_Your assignment:_
Copy the entries that appear below in full, leaving out any picture among them.

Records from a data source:
● ● ●

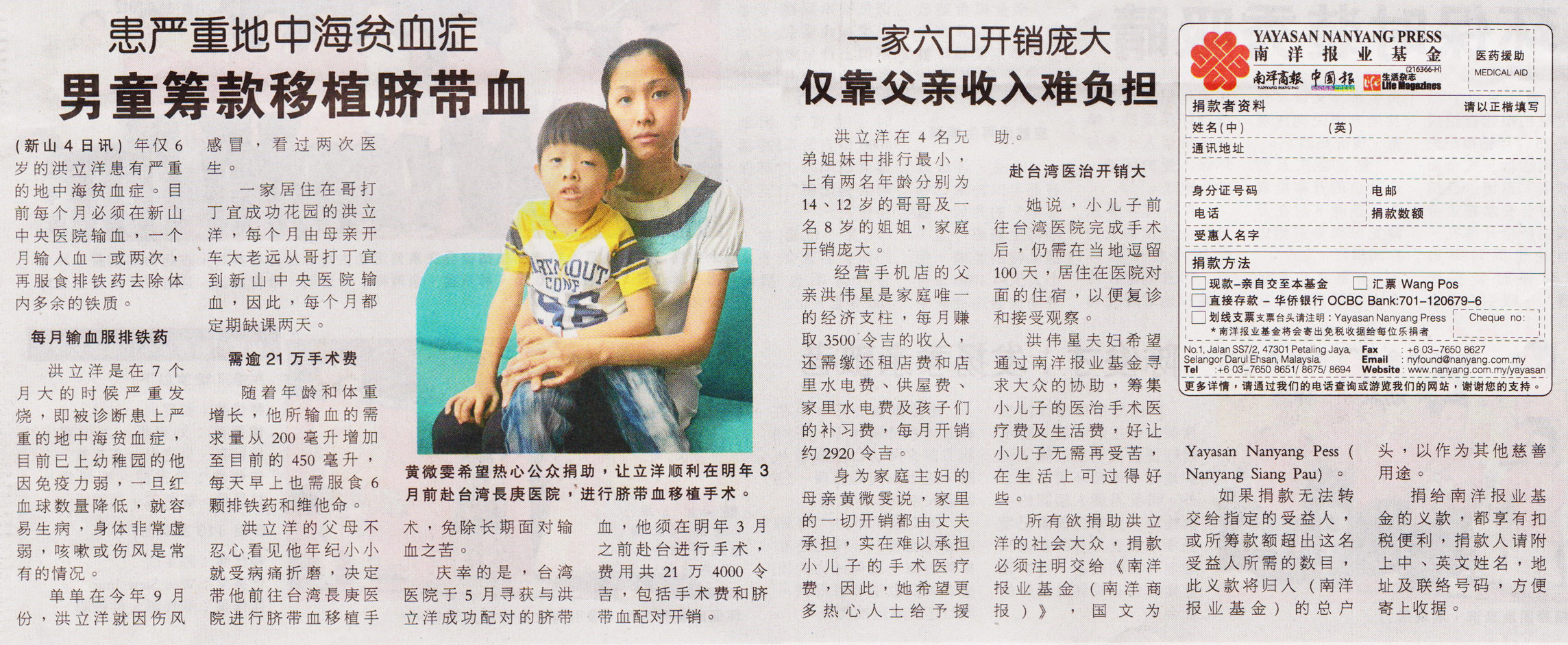 Age: 6 Condition: 患严重地中海贫血症 Links: – Article: Nanyang Siang Pau – Donor List |
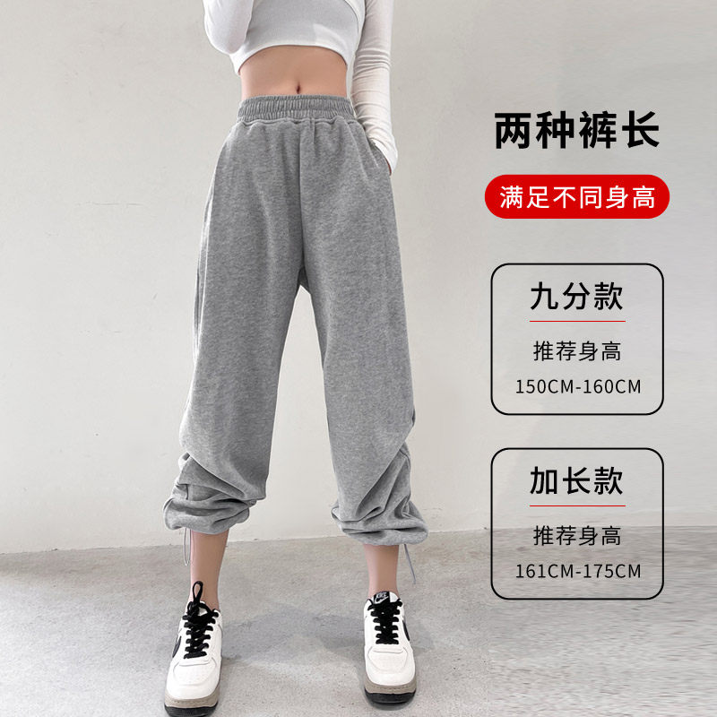 Sports Pants Woman Loose Bunches Spring New Broadlegged Pants High Waist Straight Drum Slim 100 Lap Casual Pants Outside Wearing Pants
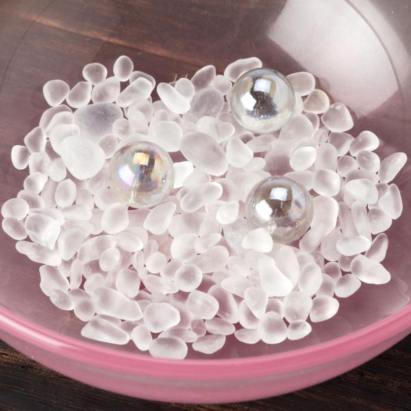 浮き玉を楽しんでいただくために入荷した水鉢。浮き玉は入っていませんが、カラー砂利と、水泡をイメージした透明のビー玉が付属しています。
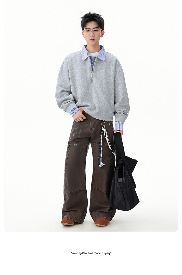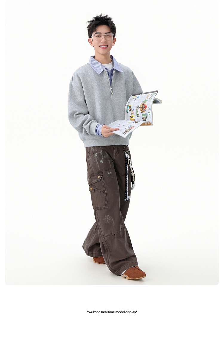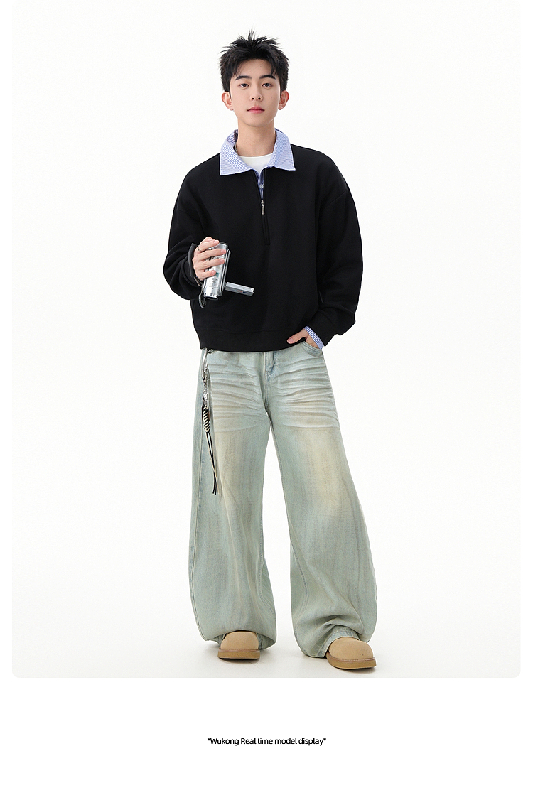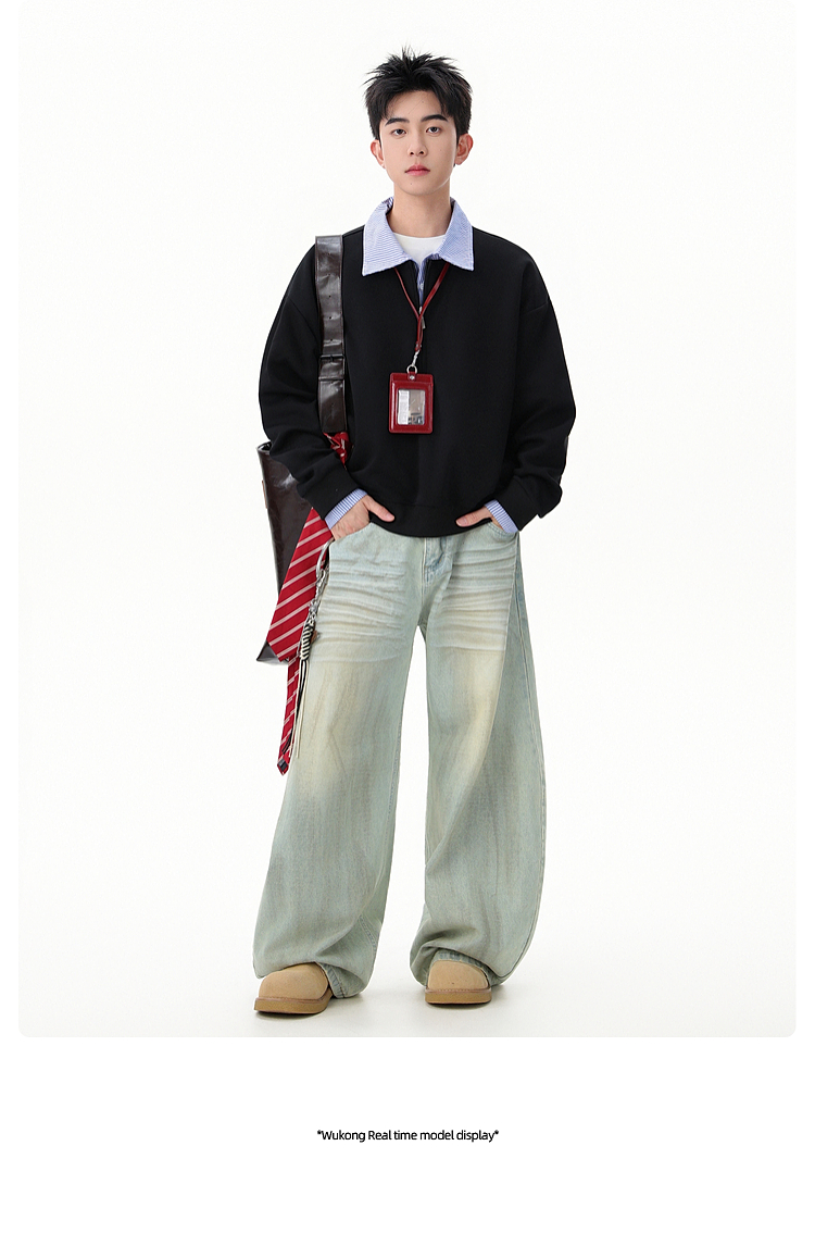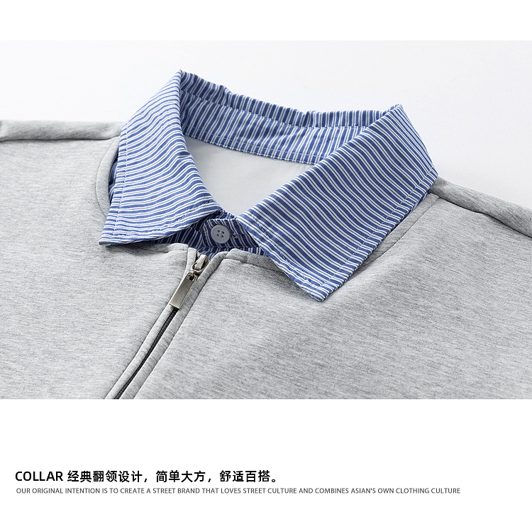 悟空有貨高智感假兩件條紋拼接POLO領衛衣男秋季情侶百搭休閒上衣
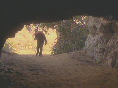 この穴の奥を撮ったのが下の写真です。前回の旅の報告でも書きましたように、この穴はトンネル状になっており、向こうに抜けられるようになっています。
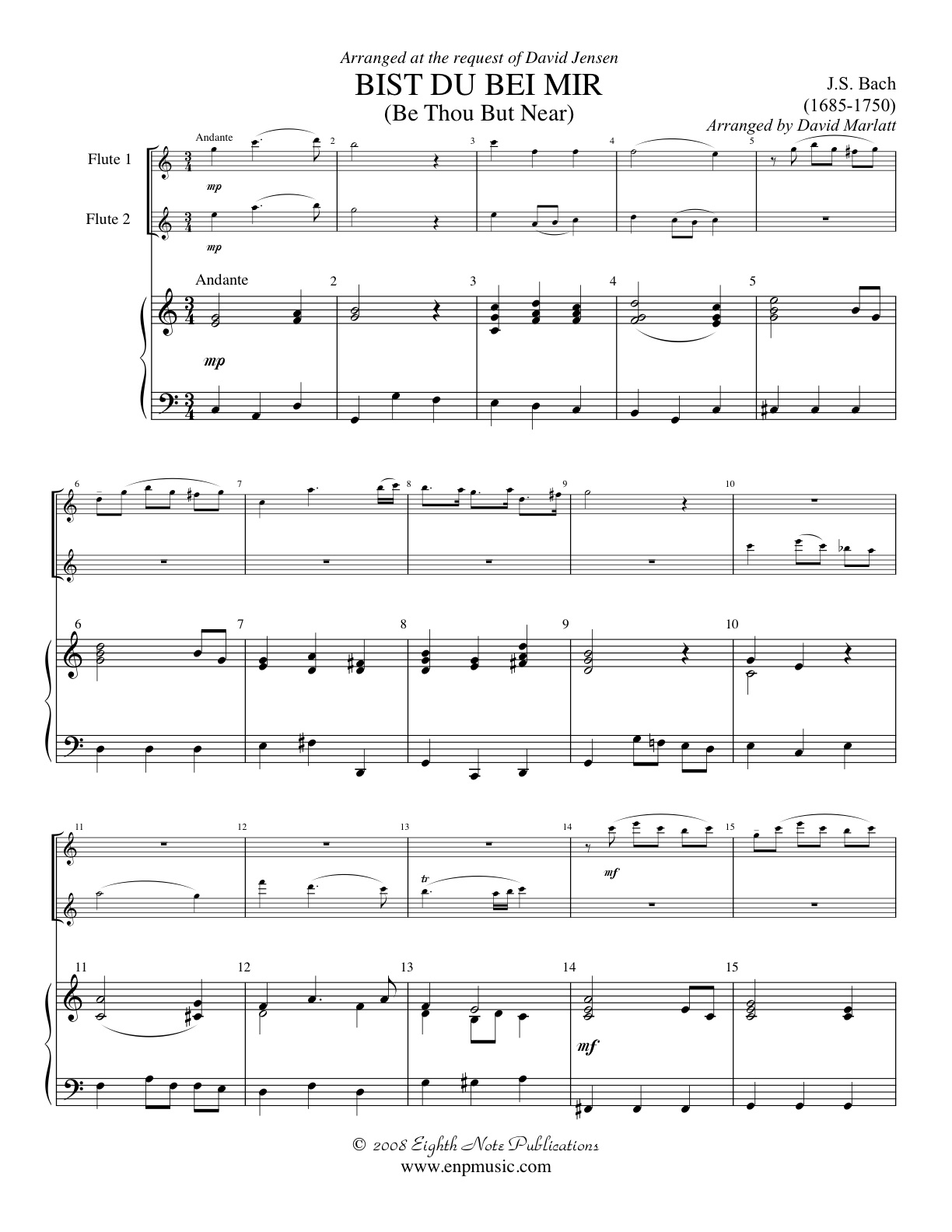 This beautiful melody is one of the pieces from the two music books which Bach wrote for his beloved second wife, Anna Magdalena. This incredibly popular work has been arranged for 2 flutes and piano.
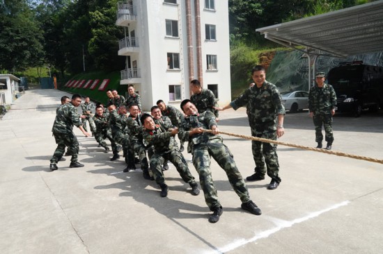 中队官兵正在开展拔河比赛 黄泽聪摄

● ● ●

_Task response:_
 Age: 6 Condition: 患严重地中海贫血症 Links: – Article: Nanyang Siang Pau – Donor List |
 Sports Pants Woman Loose Bunches Spring New Broadlegged Pants High Waist Straight Drum Slim 100 Lap Casual Pants Outside Wearing Pants
 浮き玉を楽しんでいただくために入荷した水鉢。浮き玉は入っていませんが、カラー砂利と、水泡をイメージした透明のビー玉が付属しています。
 悟空有貨高智感假兩件條紋拼接POLO領衛衣男秋季情侶百搭休閒上衣
 この穴の奥を撮ったのが下の写真です。前回の旅の報告でも書きましたように、この穴はトンネル状になっており、向こうに抜けられるようになっています。
 This beautiful melody is one of the pieces from the two music books which Bach wrote for his beloved second wife, Anna Magdalena. This incredibly popular work has been arranged for 2 flutes and piano.
 中队官兵正在开展拔河比赛 黄泽聪摄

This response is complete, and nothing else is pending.